# [WHAT IS NEEDED]
From the records below, copy out exactly the lines from the one containing "Unit of Sale: Single" to the one containing "레트로 스테인리스 직사각형", both included. Add nothing else.
START GIVEN RECORDS
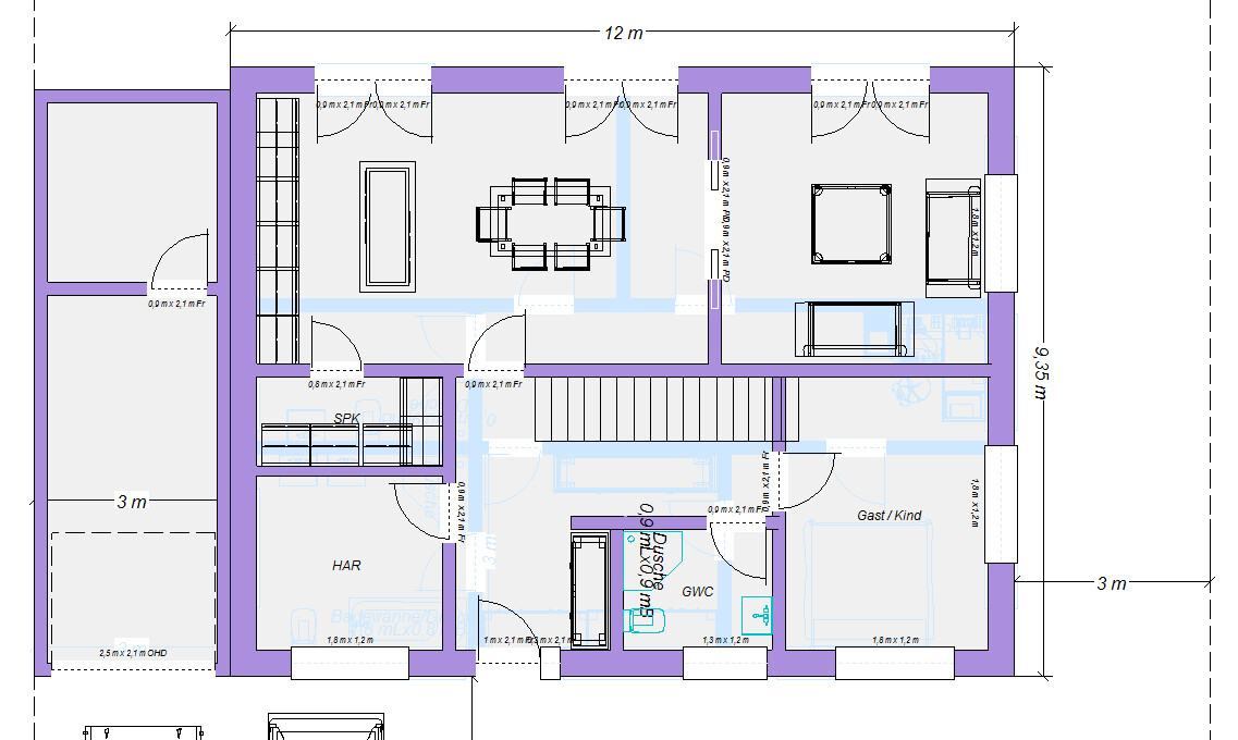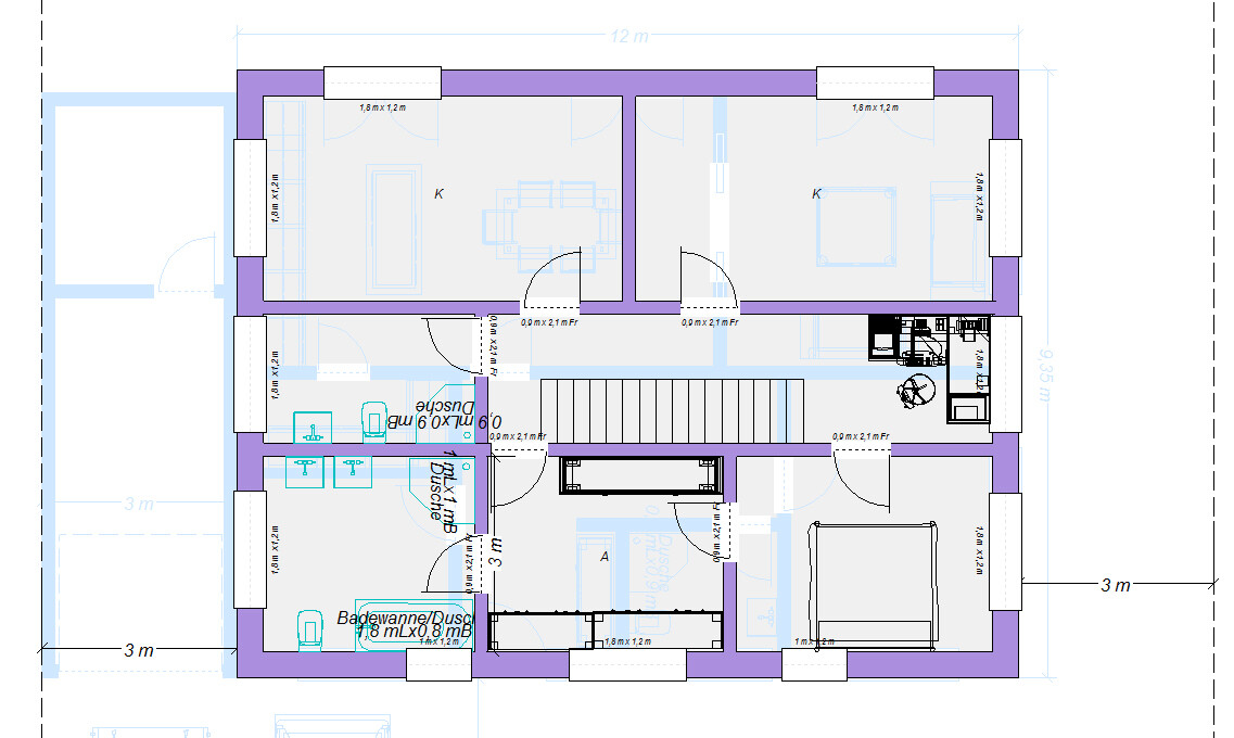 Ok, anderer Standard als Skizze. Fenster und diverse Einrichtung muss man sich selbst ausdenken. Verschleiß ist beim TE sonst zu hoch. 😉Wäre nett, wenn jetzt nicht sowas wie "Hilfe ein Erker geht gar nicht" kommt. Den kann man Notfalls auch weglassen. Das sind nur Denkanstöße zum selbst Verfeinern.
END GIVEN RECORDS
START GIVEN RECORDS
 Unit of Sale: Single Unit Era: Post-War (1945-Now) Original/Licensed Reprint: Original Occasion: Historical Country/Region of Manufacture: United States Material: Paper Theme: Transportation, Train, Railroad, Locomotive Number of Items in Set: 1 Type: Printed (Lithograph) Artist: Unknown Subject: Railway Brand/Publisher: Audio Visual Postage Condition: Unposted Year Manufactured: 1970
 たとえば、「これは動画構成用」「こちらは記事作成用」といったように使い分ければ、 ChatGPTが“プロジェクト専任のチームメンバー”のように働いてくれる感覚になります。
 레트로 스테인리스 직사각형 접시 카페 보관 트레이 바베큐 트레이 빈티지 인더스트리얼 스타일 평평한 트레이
END GIVEN RECORDS
START GIVEN RECORDS
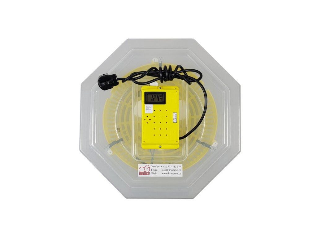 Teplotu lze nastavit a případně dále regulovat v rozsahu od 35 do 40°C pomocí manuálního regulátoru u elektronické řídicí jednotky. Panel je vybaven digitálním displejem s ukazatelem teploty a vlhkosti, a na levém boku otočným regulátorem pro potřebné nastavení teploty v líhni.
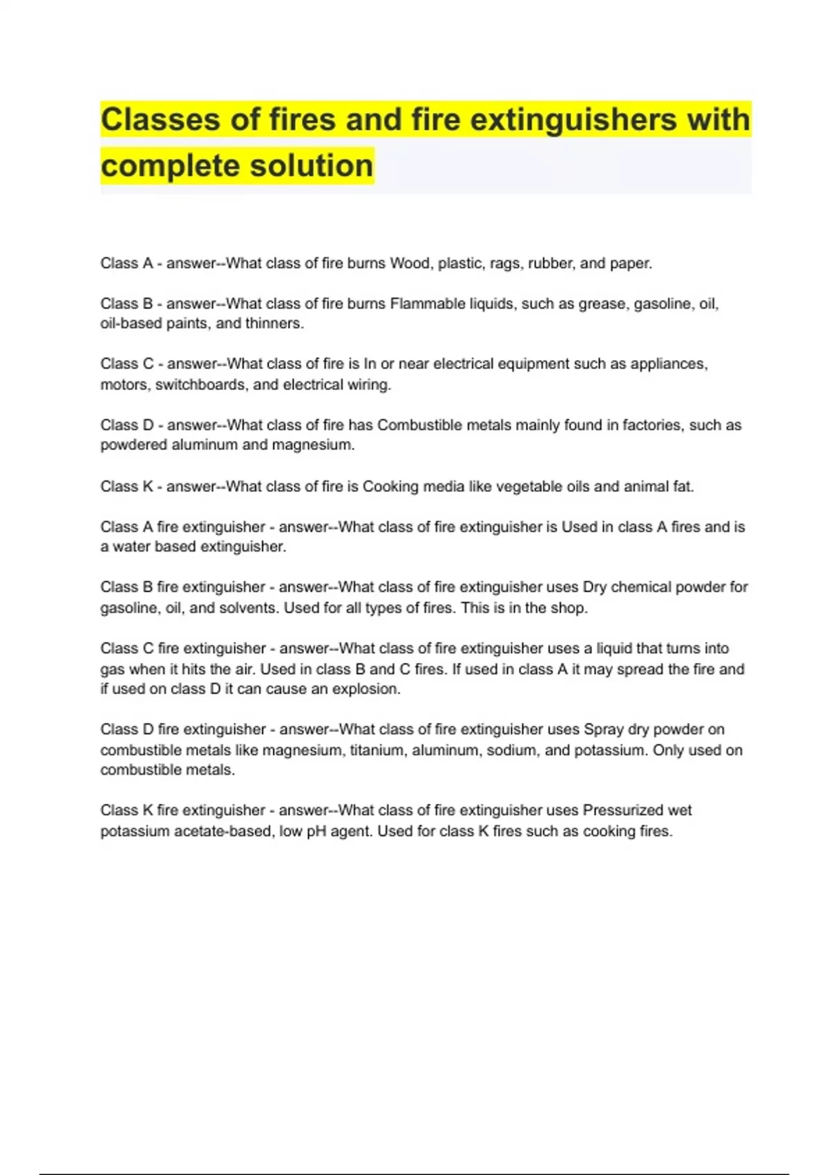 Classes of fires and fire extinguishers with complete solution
END GIVEN RECORDS
# [RESPONSE BELOW]
 Unit of Sale: Single Unit Era: Post-War (1945-Now) Original/Licensed Reprint: Original Occasion: Historical Country/Region of Manufacture: United States Material: Paper Theme: Transportation, Train, Railroad, Locomotive Number of Items in Set: 1 Type: Printed (Lithograph) Artist: Unknown Subject: Railway Brand/Publisher: Audio Visual Postage Condition: Unposted Year Manufactured: 1970
 たとえば、「これは動画構成用」「こちらは記事作成用」といったように使い分ければ、 ChatGPTが“プロジェクト専任のチームメンバー”のように働いてくれる感覚になります。
 레트로 스테인리스 직사각형 접시 카페 보관 트레이 바베큐 트레이 빈티지 인더스트리얼 스타일 평평한 트레이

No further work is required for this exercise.